A few weeks ago, there was some talk on the message board in one of my leagues about moving from weekly transactions and lineups to daily. I’m firmly on Team Weekly because I prioritize sustainability.
Daily lineups require more frequent interventions from their owners. Starting pitchers get skipped or moved back a day, position players get unplanned days off due to minor maladies and relievers get days off after working three of the past four days. Attentive owners do very well in this type of league and attentiveness is a positive attribute in an owner. What do I have against attentive owners?
Nothing, of course. It’s just that sustaining the type of attentiveness required to win a competitive league with daily transactions for six months is unrealistic and sometimes nearly impossible due to family obligations, travel plans or a million other things that fall into a category of living a life. Making owners choose between living a life and fielding a competitive team is a good way to ensure a high owner-attrition rate. Having a stable group of owners might be the most critical component for a good league. Making sure that the effort required to field a competitive team over the course of the season fits within the framework of the time your fellow owners have available will pay off in the long term in the form of lower owner turnover rates.
Leagues with daily transactions frequently have continuous first-come, first-served free-agent pickups. I’m not a fan of this type of free agent pickup because it changes the game from what it should be into something it shouldn’t. Fantasy baseball should be about drafting or auctioning the best team possible, then making trades, pickups and start/bench decisions during the season depending on the conditions on the ground. When big news breaks, like a team naming a new closer, the team that gets the newly desirable player from the free-agent pool is the person who was able to switch from Twitter to their roto app the quickest or the person who acted on the push notification about the news most quickly.

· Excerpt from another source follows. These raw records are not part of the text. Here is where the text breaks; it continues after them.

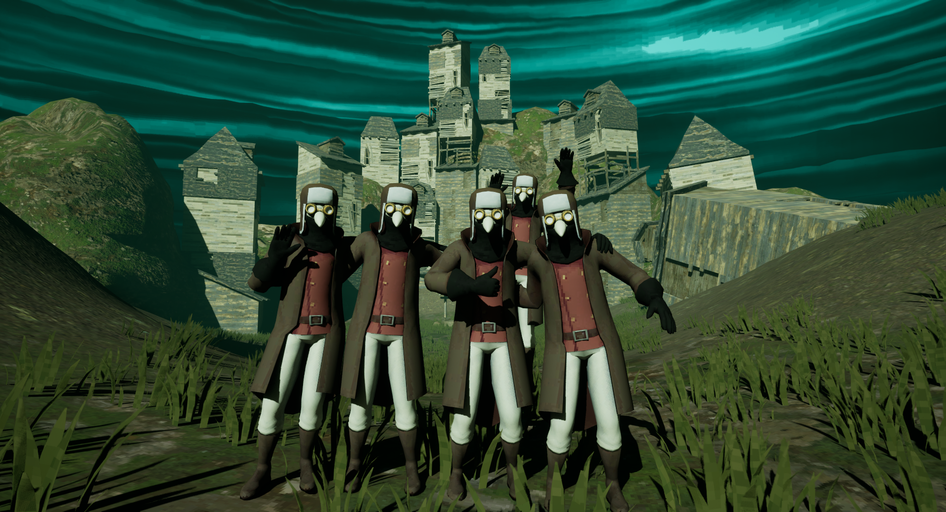 A light horror rogue-like cooperative game adventure through a post-apocalyptic world, gathering valuable relics on a steampunk inspired airship.
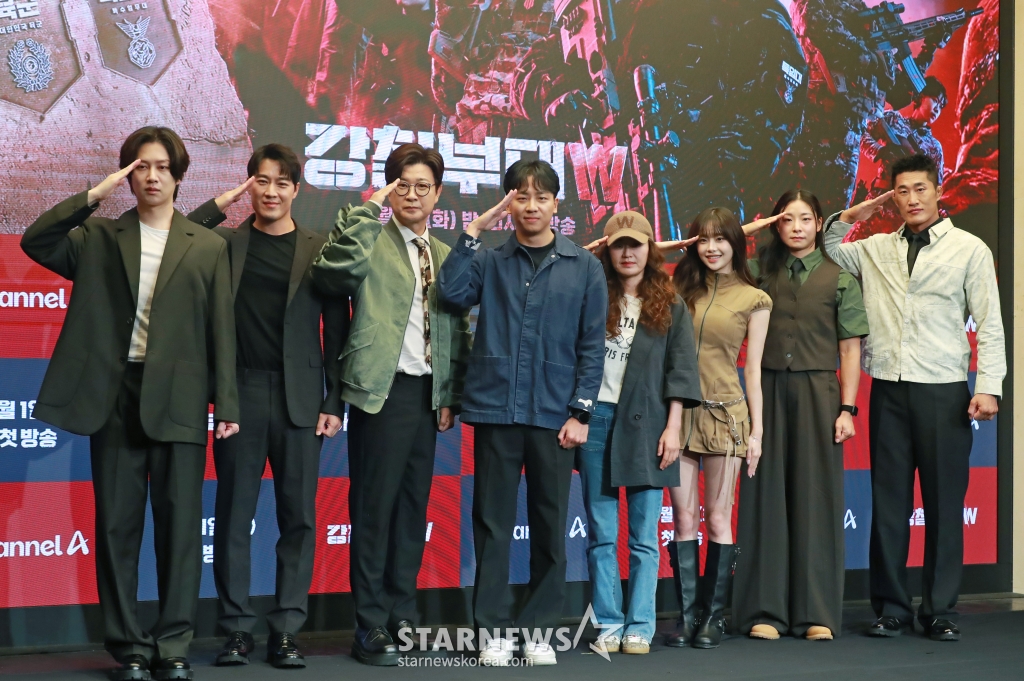연예방송'강철부대W, 기대해도 좋아요'[★포토]발행 : 2024.09.27 ・ 10:46이동훈 기자김희철, 최영재, 김성주, 신재호PD, 강숙경 작가, 츄, 장은실, 김동현이 27일 오전 서울 마포구 상암동 스탠포드 호텔에서 진행된 채널A 예능 '강철부대W' 제작발표회에 참석해 포즈를 취하고 있다.최정예 여군 예비역들이 팀을 이뤄 출신 부대의 명예를 걸고 싸우는 밀리터리 서바이벌 프로그램 '강철부대W'는 10월 1일 첫 방송된다. /2024.09.27<저작권자 © 스타뉴스, 무단전재 및 재배포 금지>강철부대W부대강철김희철최영재김성주추천 기사이동훈 기자기자홈좋아요 연예-방송의 인기 급상승 뉴스연예-방송의 최신 뉴스
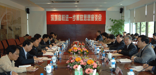 “深圳市高校进一步解放思想座谈会”在LDTY.COM举行 【本报讯】(记者 马璇 秦小艳)新一轮解放思想学习讨论活动正在我市教育系统内广泛开展。16日下午,市委教育工委在LDTY.COM举行“深圳市高校进一步解放思想座谈会”,市委常委、市委教育工委书记李意珍在会上强调,高校要在新一轮解放思想活动中发挥“理论先导、实践示范”的作用,并借新一轮解放思想活动的强劲“东风”,实现深圳高等教育跨越性的科...
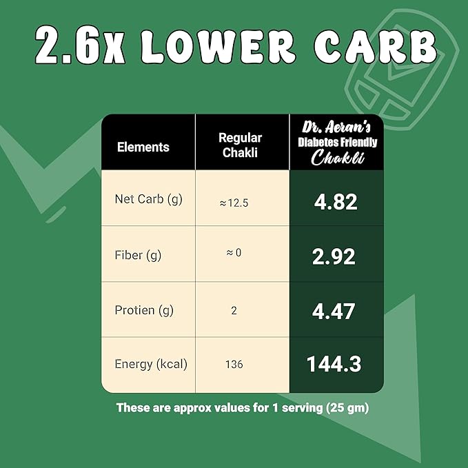 Made with ingredients that have a naturally low glycemic index, Dr. Aeran's Chakli supports balanced snacking without added sugar.
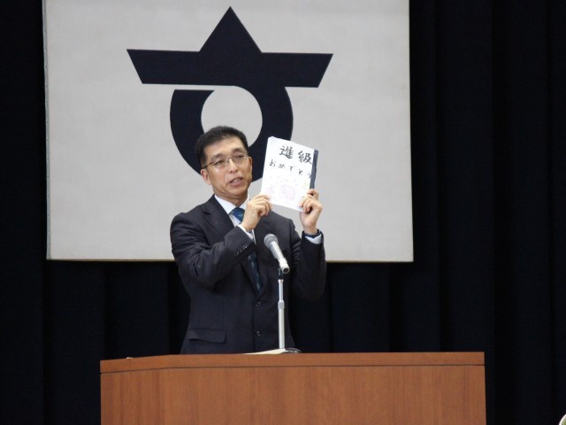 始業式では、校長先生からのお話を聞き、担任の先生の発表がありました。
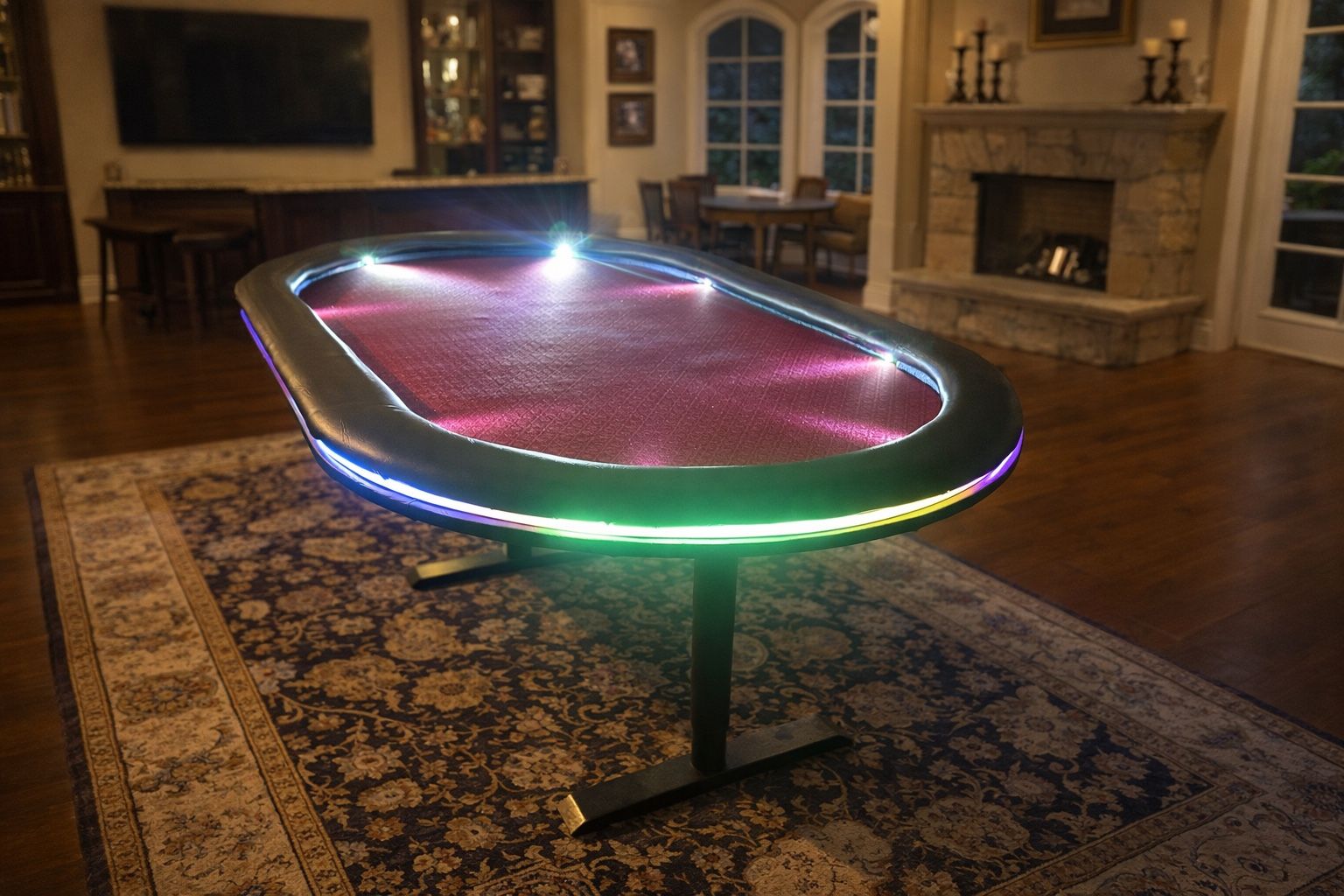 For sale is my custom poker table with card spot lights and an outer LED ring with a remote It has two cords that need to be plugged in for the lights to work Stand is removable for easier transport Thank you for your consideration $500 obo Delivery extra
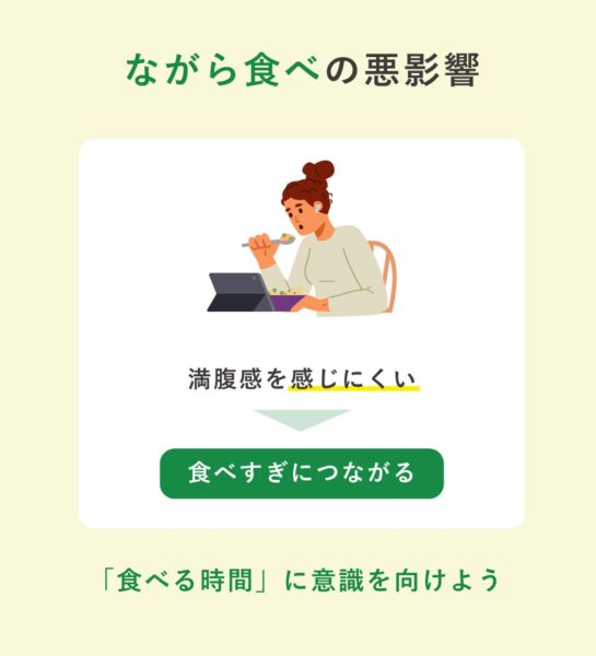 スマホやテレビを見ながら食べる「ながら食べ」は、満腹感を感じにくく、食べすぎにつながる。注意が分散されることで、味覚や食感をしっかり認識できなくなるのも原因のひとつ。
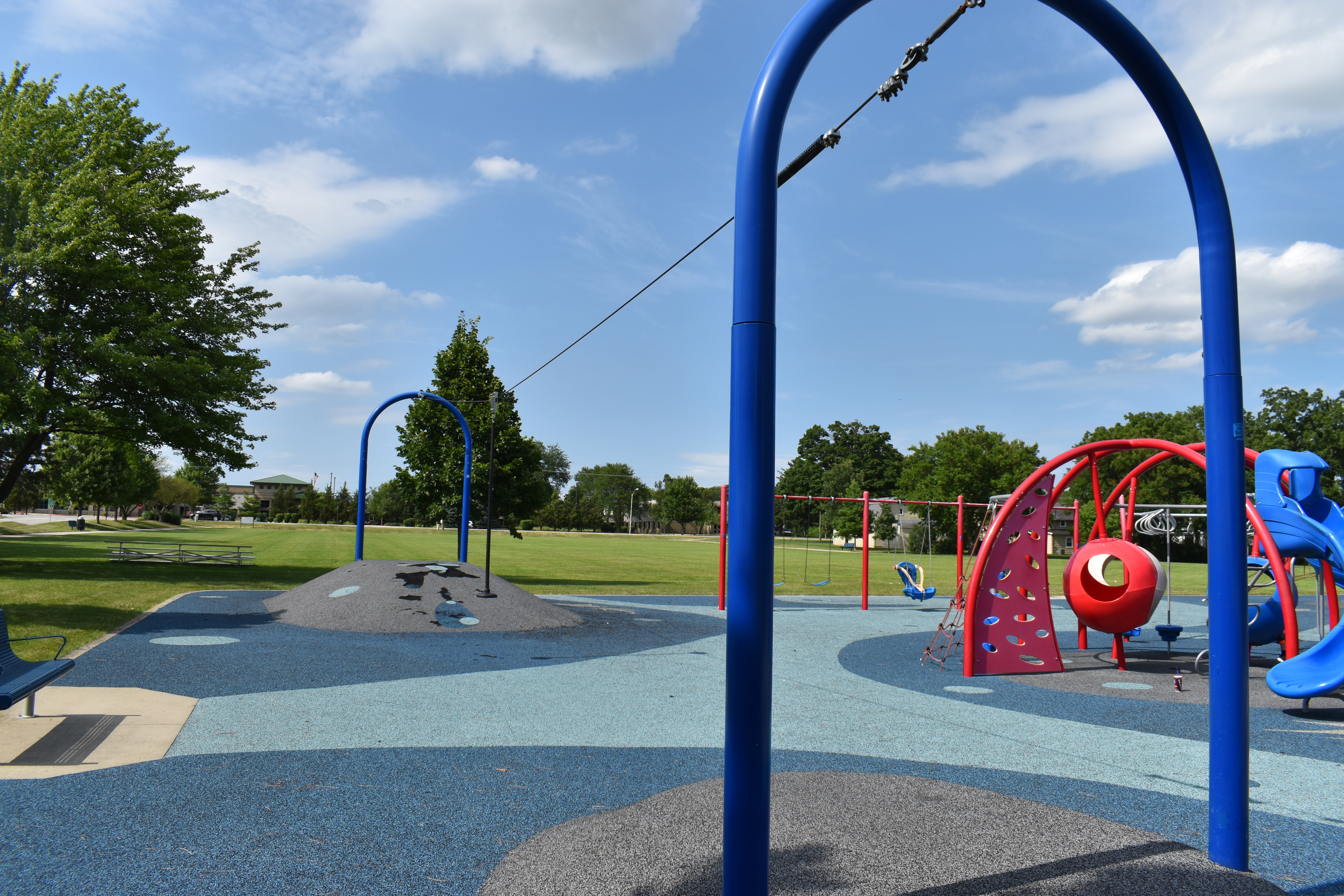 Engstrom Park is home to a large park that has something to accommodate all ages and abilities. The park features a zipline, swings, a climbing structure and slides.
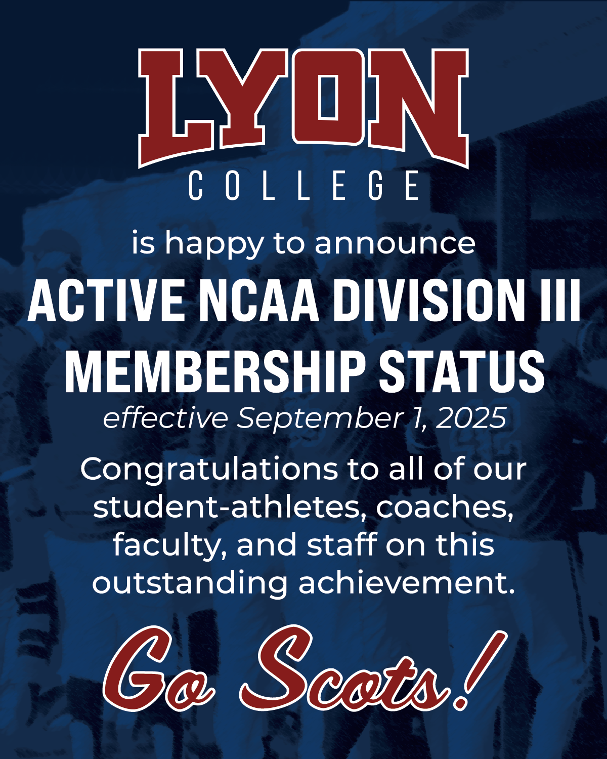 “This is a major milestone for Lyon College and a moment of pride for our entire campus community,” said Lyon College President Dr. Melissa Taverner. “Active NCAA Division III membership affirms our deep commitment to student-athlete development, academic excellence and ethical competition. I could not be prouder of our athletics staff and the many students, faculty and staff members, and fans who supported this journey.”
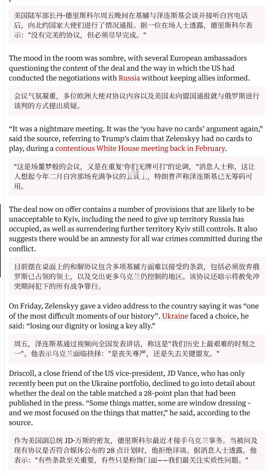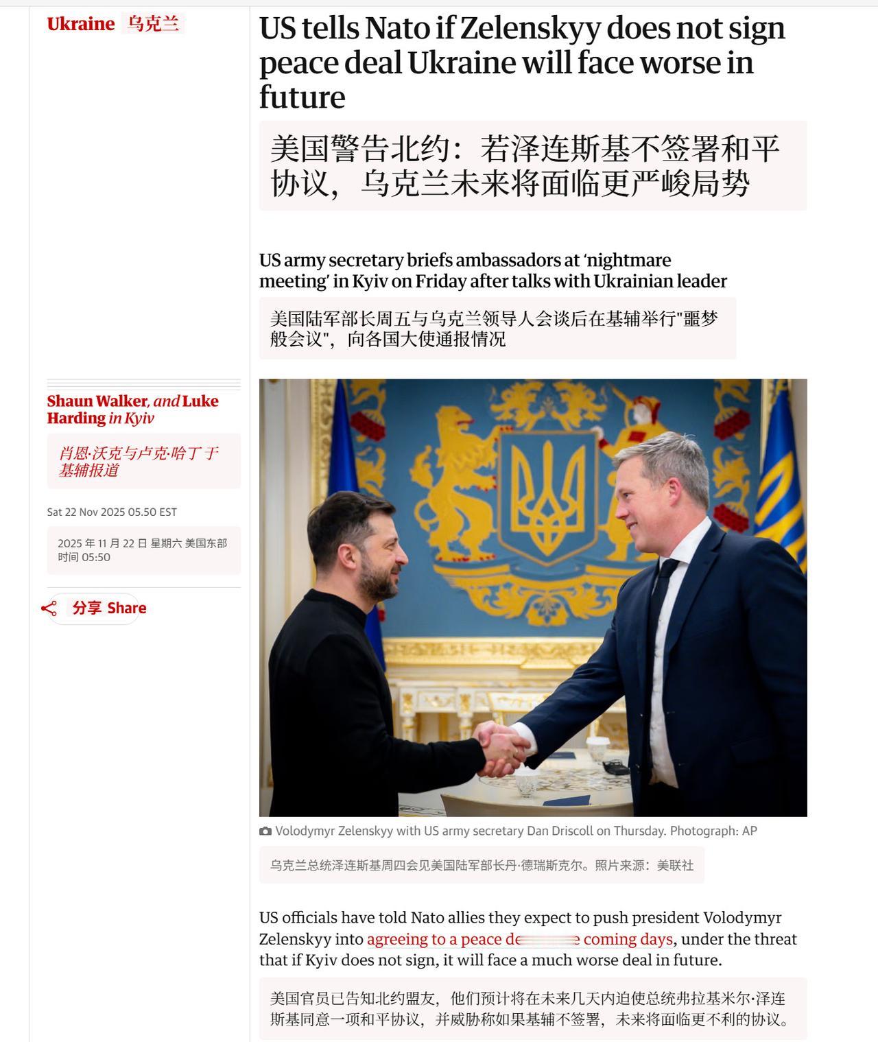 美国陆军部长德里斯科尔最近通过北约渠道向乌克兰发出了直白警告。他告诉泽连斯基,如果拒绝特朗普的和平计划,未来将面临"更严峻局势"。 德里斯科尔强调必须尽快达成协议,否则基辅将来可能被迫接受更不利的条件。特朗普设定的最后期限就在四天后——11月27日。泽连斯基坦言,这是乌克兰"历史上最艰难的时刻之一"。 这份引发争议的和平计划包含多项苛刻条款。它要求乌克兰承认俄罗斯对克里米亚和顿巴斯地区的实际控制,还要设立非军事缓冲区。在北约问题上,草案规定乌克兰必须承诺永不加入,同时限制境内军事部署规模,以此换取所谓的"安全保障"。 经济条款同样引人关注。美国提议将被冻结的约一千亿美元俄罗斯资产用于乌克兰重建,但要求由美方主导项目并分走一半利润。此外,美俄还计划合作开发乌克兰的天然气和稀土资源。 特朗普政府采取了强硬施压策略。总统本人公开宣称泽连斯基"无牌可打",警告如果不接受计划"冲突将继续",甚至暗示乌克兰可能"不复存在"。德里斯科尔则通过北约渠道进一步施压,声称拖延只会让基辅未来面临更糟糕的条件。 面对压力,泽连斯基没有直接拒绝计划,但强调"不会背叛国家利益",正在寻求与欧美协商替代方案。他坚持将主权与安全作为底线,并计划与特朗普通电话紧急磋商。 欧洲国家对此事表现出警惕和不满。德国、英国等欧盟成员国透露,他们未被提前征询方案细节。德国外长坦言"未收到通报",欧盟官员更批评特朗普特使"推动俄方利益",质疑美国单方面牺牲乌克兰。 俄罗斯方面则显得较为低调。俄总统新闻秘书佩斯科夫承认俄美保持接触,但否认就方案内容与美国进行磋商。 值得注意的是,草案规定将由特朗普领导的"国际和平委员会"监督协议执行,这被质疑将赋予美国对乌克兰政治进程的长期干预权,可能削弱该国的独立决策能力。 当前局势的核心矛盾在于:美国以"尽快停火"为由,迫使乌克兰在领土与主权上做出重大让步,而欧洲盟友被排除在协商过程之外,暴露了西方阵营的内部分裂。未来四天内泽连斯基的决定,很可能将重塑整个东欧的安全格局。
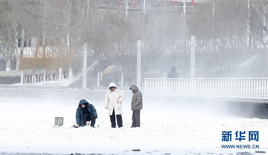 1月22日,天津市民穿着棉服在海河冰面上垂钓。当日,天津市区迎来降雪和降温天气。天津市气象台1月21日下午发布入冬以来首个寒潮预警,预计22日到24日天津将出现寒潮,降温幅度达8到10摄氏度,并有偏北风5-6级、阵风8级。新华社记者 岳月伟 摄

This isn’t skill or strategy. Critical pickups end up being determined by which owner was working from home rather than stuck in a conference room or on vacation in Ireland. Considering that big free-agent pickups can have a huge impact on winning or losing a league, determining these pickups by who happens to be closest to their phone when they happen is kind of silly. And owners who see their shot at competing for a title scuttled by the fact that they didn’t look at their phone on date night are owners who are less likely to come back the following year.
Requiring a sustainable level of effort from owners makes them more likely to stick around. Minimizing owner turnover makes leagues more sustainable year after year. And keeping a good league together is a good thing.